Denzil Dowell
Denzil Dowell’s story takes place in 1967, but it seems as familiar as if it were a headline from tomorrow. Denzil was a young black man shot and killed by police in North Richmond, California responding to reports of burglary. An inquest jury took just thirty minutes to determine it was justifiable homicide. The uproar would become one of the very first rallying cries of the Black Panther Party to organize a protest against systemic racism in law enforcement.
Joan Tarika Lewis
Lewis is a jazz musician, graphic artist, and activist as well as teacher and founder of the Oakland Black String Ensemble. Long before becoming those things, however, Lewis was a sophomore in high school in Oakland. Activism began early as the outraged young woman helped to found her school’s Black Student Union while staging sit-in protests as a way of demanding institution of a black studies program. And then in the spring of 1967, while just sixteen years old, Joan Tarika Lewis became the first female to becoming a member of the Black Panther Party.
Ronald Reagan
After a career as a B-movie actor giving forgettable performances but before he became President of the United States, Ronald Reagan served as the Governor of California during the most tumultuous decade of the 20th century in America.

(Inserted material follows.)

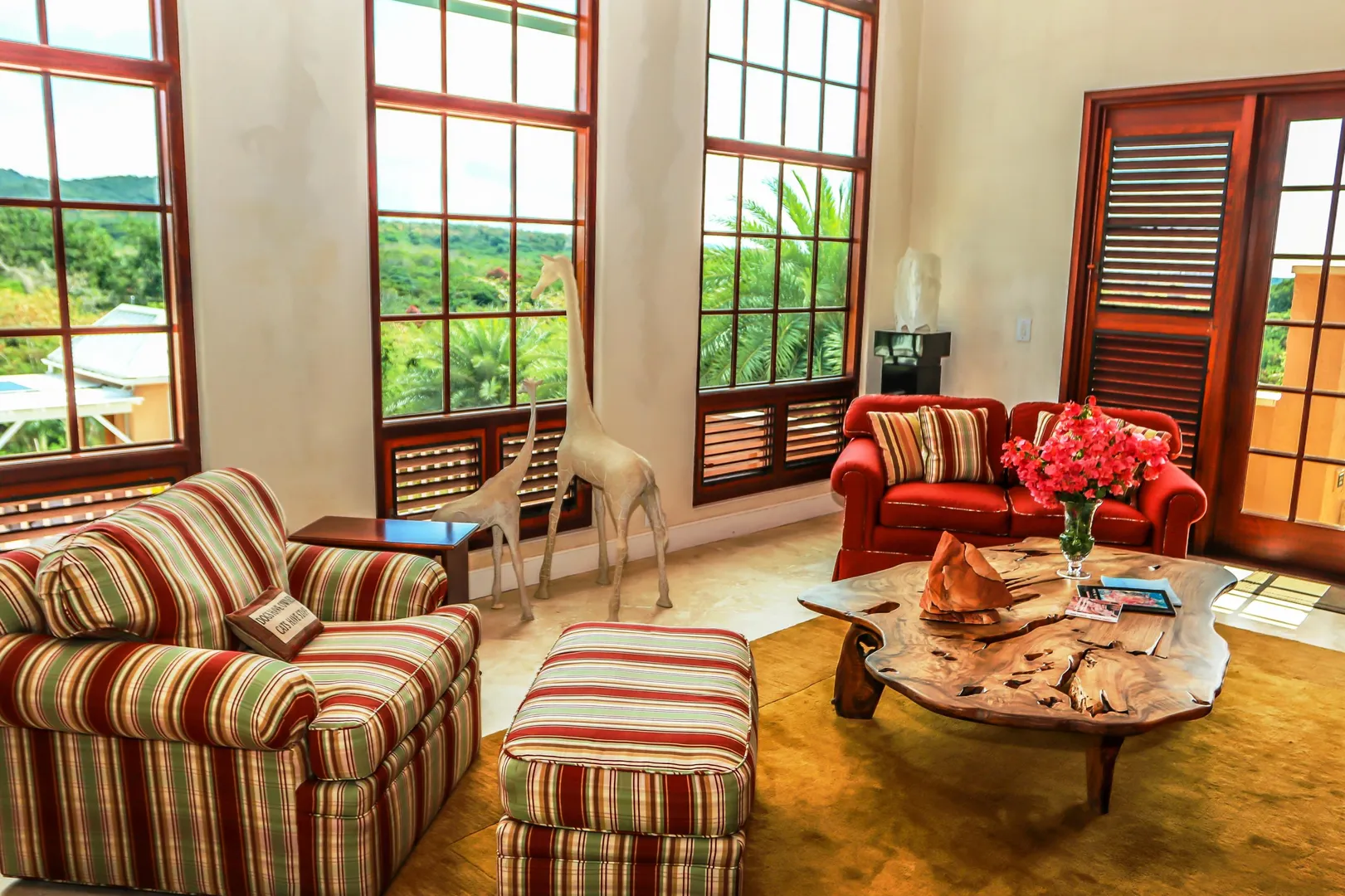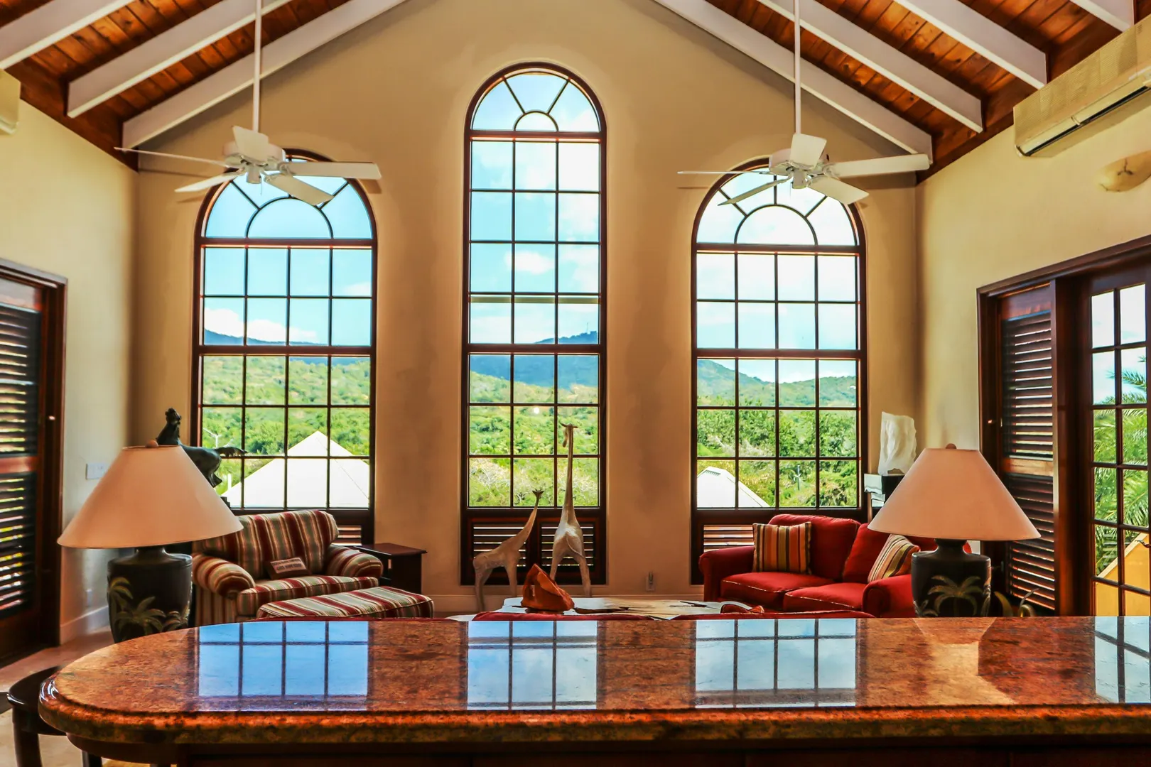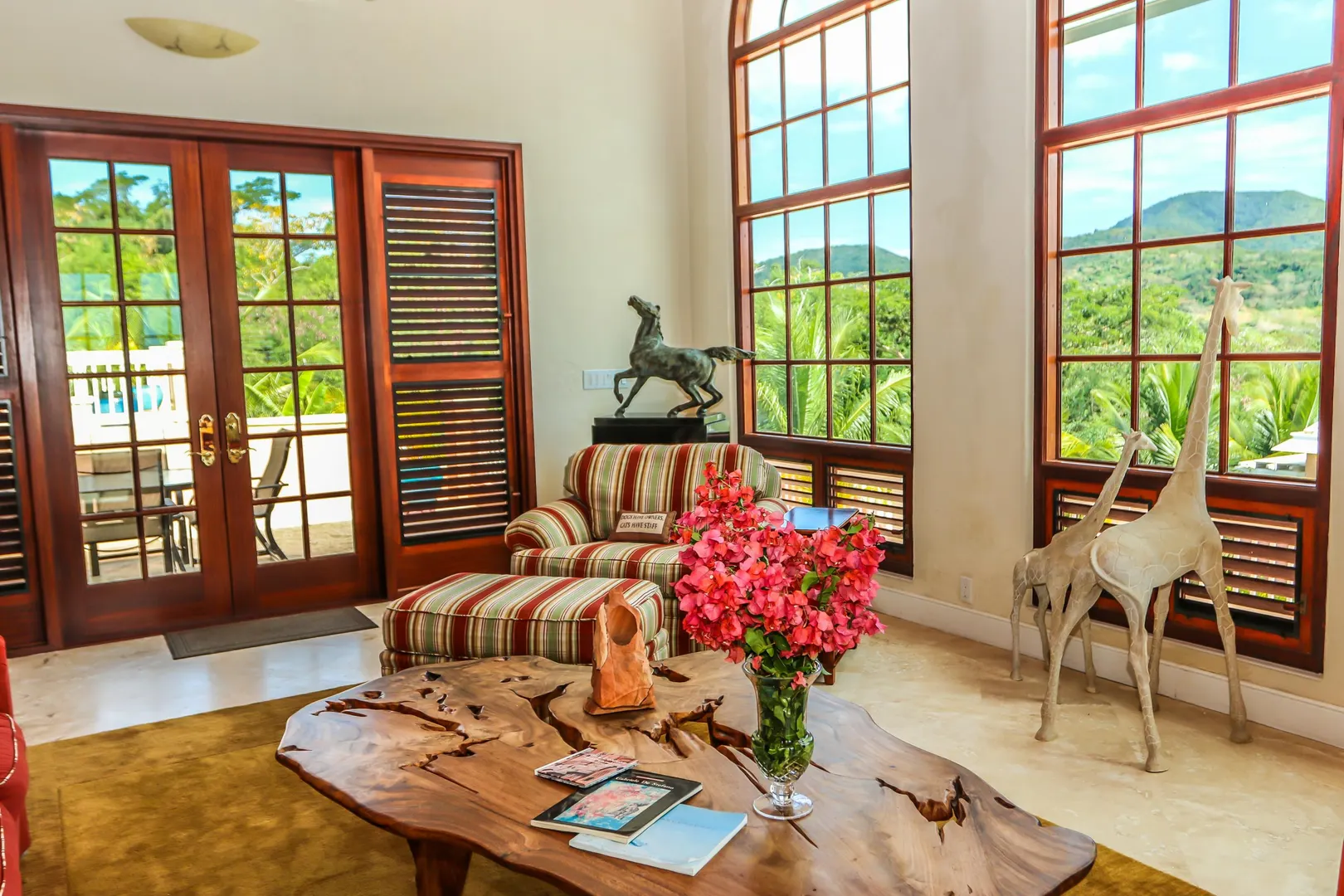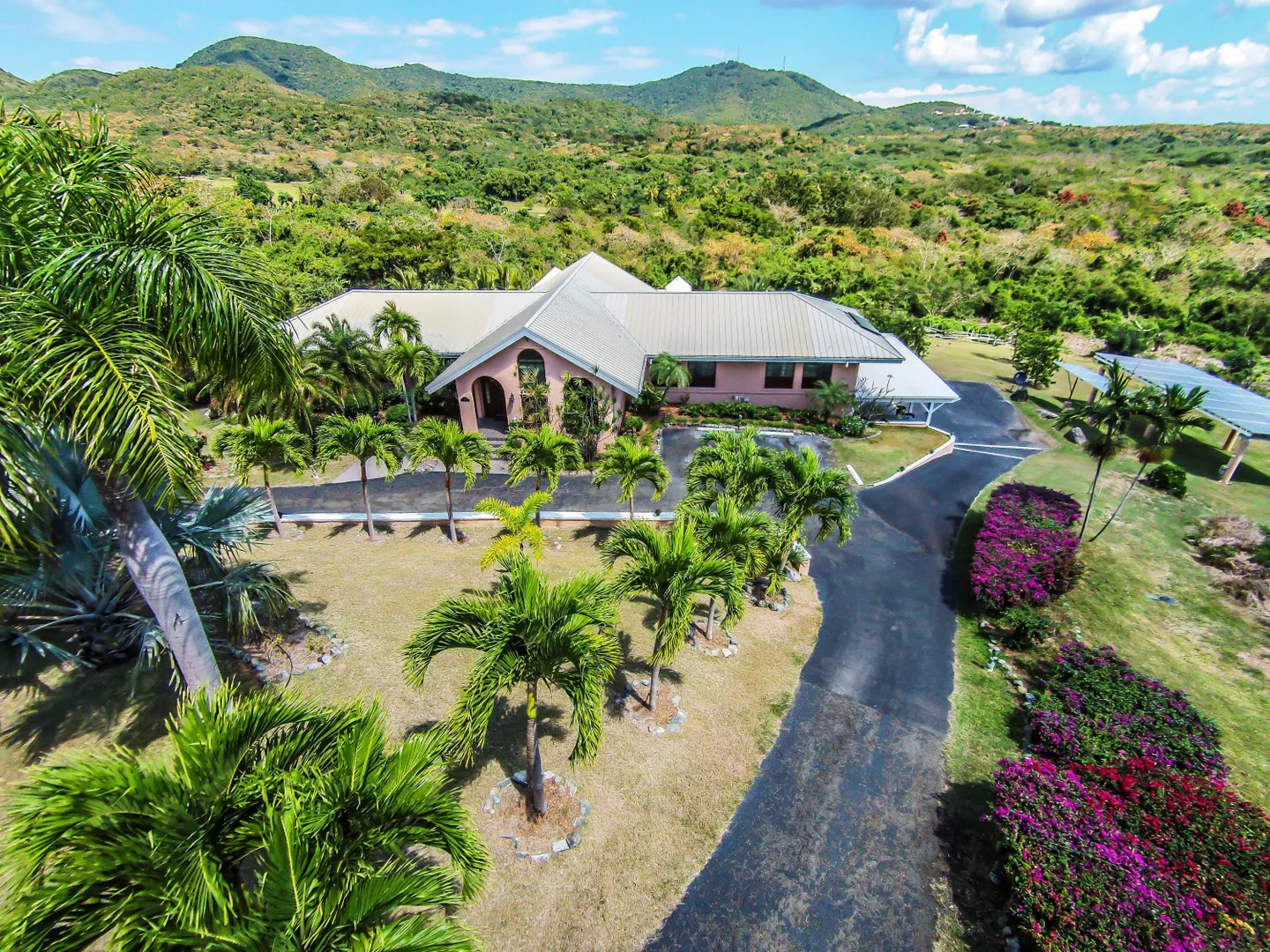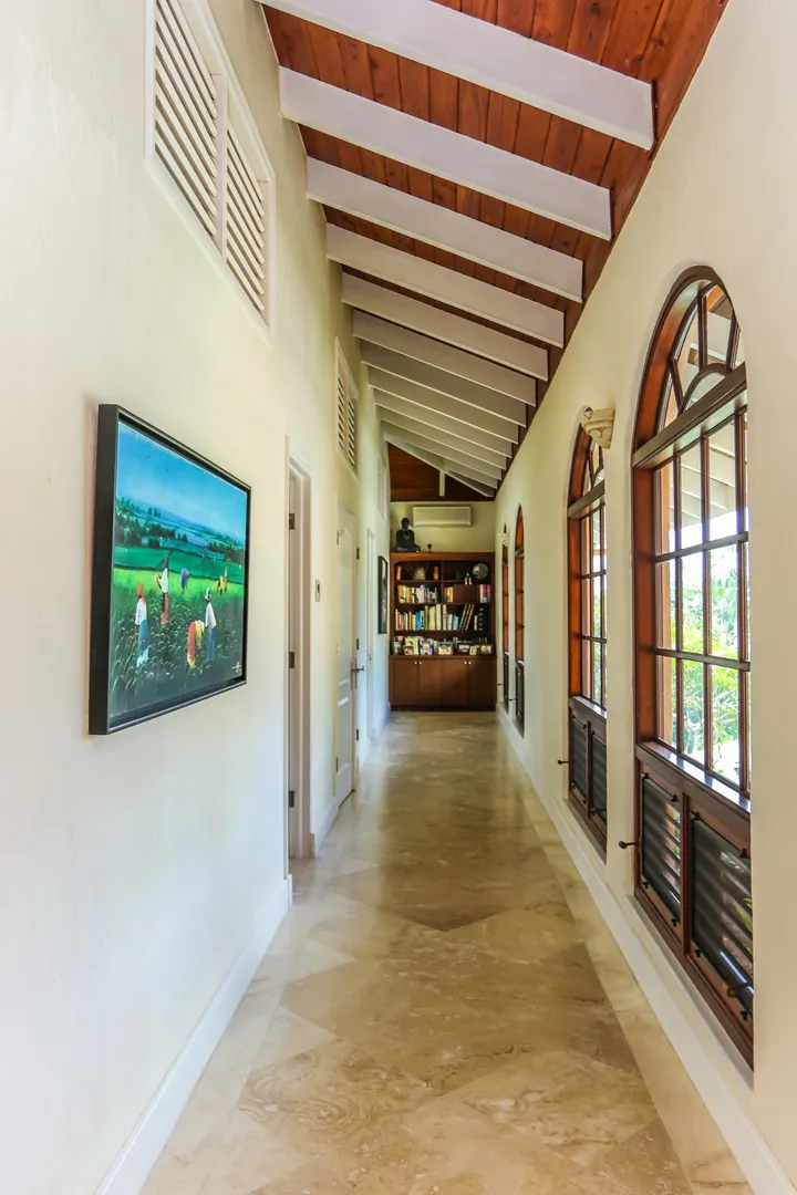 Las Palmas located in gated Carambola on 2.36 tropically landscaped acres is a pristine home encompassing 3 bedrooms ensuite, office, gym & large apartment. Travertine tiles throughout, beautiful outdoor summer kitchen & media area, 36ft pool and spa. Great room has 19 ft cathedral ceilings with gorgeous Mahogany windows, solar powered, well, generator, all next to Robert Trent Jones golf course!Las Palmas is an exquisite home; some of the highlights are: • 2011 installed all new custom mahogany window doors and louvers. The glass is 7/16" thick for hurricane resistance • All 3 bedrooms have custom closet built- ins made locally by Andre McBean of local Mahogany • 2013 travertine tile installed on the diagonal throughout the main house • Gourmet kitchen made by Quality Cabinets of Cherry with granite counter tops, sub-zero refrigerator and freezer and all stainless steel appliances • Outdoor area is as approximately 4,000 sq. feet, and done in coral stone tile; the deck, summer kitchen, media area, pool and apartment were completed in 2010 • At the pool deck there is a full summer kitchen with grill, sinks and cooler and a TV retractable screen painted by artist Marie Graci. • Full bath with shower at pool level • Apartment at lowest level is approximately 800 sq. ft. one bedroom apartment with open concept kitchen, 3 fans, A/C, washer/dryer and is also connected to Solar/backup system • 2010 Solar system phase I was completed • 2014 Solar Phase II was completed producing 15 KW approximately 2000 KW per month, a net metering system, it has battery backup with a generator to recharge the batteries if needed. • 2015 new septic system installed • The water system contains 2 cisterns. One cistern collects rain water and holds approximately 30,000 gallons. The smaller cistern holds 15,000 gallons. The water in the smaller cistern holds water that comes from a well on the property after it has gone through a reverse osmosis system. It is an automatic system that creates RO water on an as needed basis. • The house uses a recirculation system that avoids wasting water while waiting for hot water. • There is abundant spaces at the lower level of the home, providing a gym, storage, a workshop and a garage. • Standing seam metal roof • Alarm system • Lower level has a separate gated entry for apartment privacy and or service providers • Community pool, tennis courts and Robert Trent Jones Championship golf course all in close proximity • The property is beautifully landscaped with drip irrigation and there are numerous native fruit trees including bananas, lime, coconut, sour sop, pineapple, avocado and papaya

In addition to typically conservative economic policies like cutting taxes of the wealthy and slashing funding for government assistance programs, Reagan’s tenure as Chief Executive included the criminalization and relentless prosecution of drug users. It is widely and wrongly assumed that this has been the status quo throughout American history, but the reality is that until the 1950’s and especially the 1960’s criminality related to illegal drug was overwhelmingly confined to production, distribution and trafficking. Reagan’s hardcore agenda would take on racist overtones as the focus of enforcement of these new laws resulted in inequitable prosecution of minorities.
Bobby Seale
Bobby Seale co-founded Huey P. Newton in 1966 as the Black Panther Party for Self-Defense in Oakland. Seale’s life from that moment on would become something like a soap opera playing out in real time. The sight of Seale and other members child Gov. Reagan to the point of calling short his speech and disappearing into the state Capitol. The Panthers then entered the building with the intention only of Seale publicly reading a mandate, but the wrong directions (whether purposely given or merely accident) wound up having Seale walking directly onto the floor of assembly, fully armed. In 1968 he became one of the original members of the “Chicago 8” arrested on charges of inciting a riot at the Democratic Chicago and appeared in court fully bound to his chair and gagged before successfully severing himself from the case that would go on to become known as the Chicago 7. Under mysterious circumstances never full explained, Seale suddenly left the Black Panther Party entirely. As for his co-founder, Newton would be assassinated on an Oakland street corner in 1989.